Submitted by Coyote (user info) at 2005-02-22 09:59:29 EST (#)
Ranking: 2

"Do you, Lyn, vow that when Maarten is savagely mauled by a strange spider-monkey from the Amazon basin and contracts a flesh-eating virus that turns him into a blackened, foul, zombie with an insatiable lust for human brains and terrible personal hygiene, you will hide his affliction from the world, keeping him chained in the basement while lovingly spoon-feeding him a pate made from the internal organs of your friends and neighbors, forcing you to resort to ever more daring daylight murders using chainsaws, corkscrews, and rototillers, until when forced to choose between saving your children's lives or sacrificing them to the memory of the man you once loved, you blow his head off with a shotgun in a climactic scene that involves your clothes somehow being ripped off?"

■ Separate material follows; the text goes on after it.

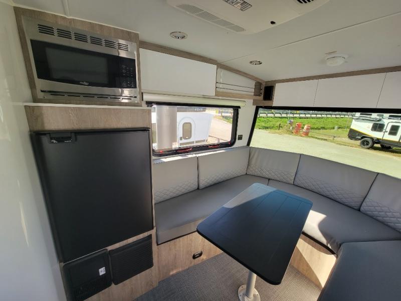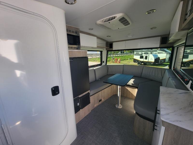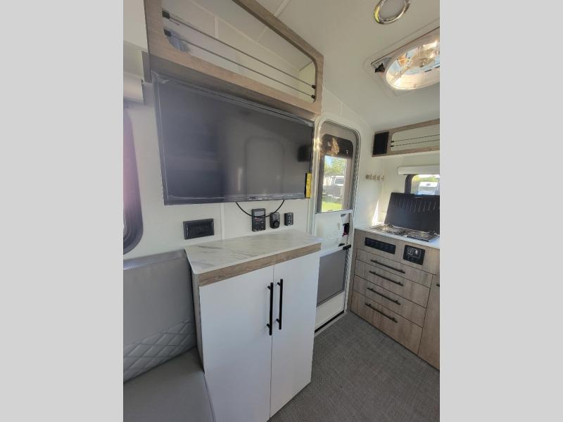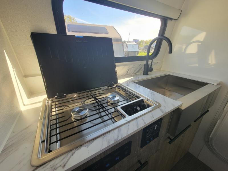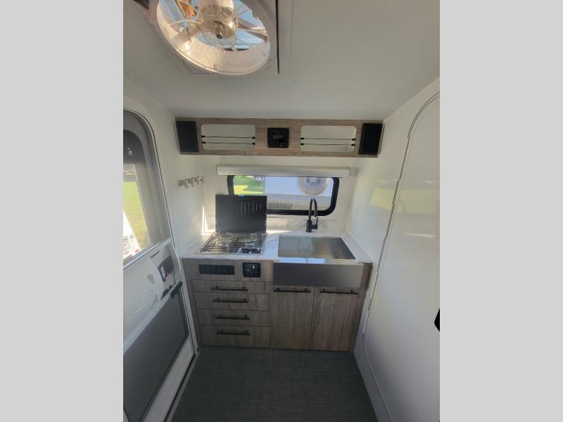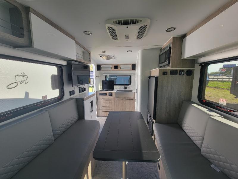 With any Sol travel trailer by inTech RV you will find strong, durable construction consisting of lightweight aluminum that is easier to tow and resists rust, water, and dents. The Tilt-Forward Design creates more space inside so you can stretch out, and the panoramic windshield gives a great view of the mountains, ocean, or forest! The elegant interior features tinted windows with shades, Infinity woven flooring, and a stainless steel cooktop and microwave. You will stay comfortable year around since these models include a 15K BTU A/C and a 16K BTU furnace.

(That's just the long version of "in sickness and in health", but it helps to be specific)

Submitted by Circe (user info) at 2005-02-22 09:53:43 EST (#)
Ranking: 0

Submitted by AwesomeJohnson (user info) at 2005-02-22 09:49:45 (#)
Ranking: 2

"I promise that I won't get mad when your friends pay you money to watch me sleep"
____________
HAHAHAHHAHAHAHAH!

Perfect.

Ainkara - He. Actually. Likes. Vegemite. *blink blink*

Coyote - But.. you're the only one who'll pay me for them...

Submitted by Pentameter (user info) at 2005-02-22 09:52:49 EST (#)
Ranking: 2

As far as I can tell, you've written the best vows ever.

Not much longer to wait, my dear.

Submitted by Caulaincourt (user info) at 2005-02-22 09:52:10 EST (#)
Ranking: 2

Dutch is the sergeant in Predator. +2

Submitted by AwesomeJohnson (user info) at 2005-02-22 09:49:45 EST (#)
Ranking: 2

"I promise that I won't get mad when your friends pay you money to watch me sleep"

Submitted by Ainkara (user info) at 2005-02-22 09:49:31 EST (#)
Ranking: 2

I.... got nothing.

How about I promise to tie you down and feed you Vegemite? I promise to restrain myself as much as possible from covering your face with lipstick when you're asleep?

See, told you I got nothing. I suck at this.

Submitted by Coyote (user info) at 2005-02-22 09:48:03 EST (#)
Ranking: 2

Well, I suppose I can take time out of my busy schedule, as a special favor. But I want 10% of the profits.

Submitted by JMG114 (user info) at 2005-02-22 09:47:53 EST (#)
Ranking: 2

I find that I come up with the best descriptors of love when I think about it for a good long while. You know how you feel when you're around him. Think about how that feels, and describe it in a way more complex than, "He's great."

Submitted by Circe (user info) at 2005-02-22 09:45:39 EST (#)
Ranking: 0

Coyote - oh dear! Whoever can I ask to approve the pictures first?

Stin - I'm stealing the goat thing.

Hadooken - the fact that he's upright and taking nourishment says "No", to me.

Submitted by Stin (user info) at 2005-02-22 09:42:56 EST (#)
Ranking: 2

God have mercy on his soul indeed.

I can't even offer to help you. I got as far as "I promise that I will give you random blowjobs and not fuck goats whilst you're out at work".

Submitted by Coyote (user info) at 2005-02-22 09:42:42 EST (#)
Ranking: 2

Oh, go ahead and give him a hard time about soccer. It's a ridiculous sport, and deep down everyone knows it. That's why the fans are so violent.

Plus, you should promise that you'll never post naked pics of your boobs on the internet without the approval of at least one Ubersite user.

Submitted by Hadooken (user info) at 2005-02-22 09:38:12 EST (#)
Ranking: 2

has he ever given you the Dutch Oven?


Ah, sweet pity: where would my love life have been without it?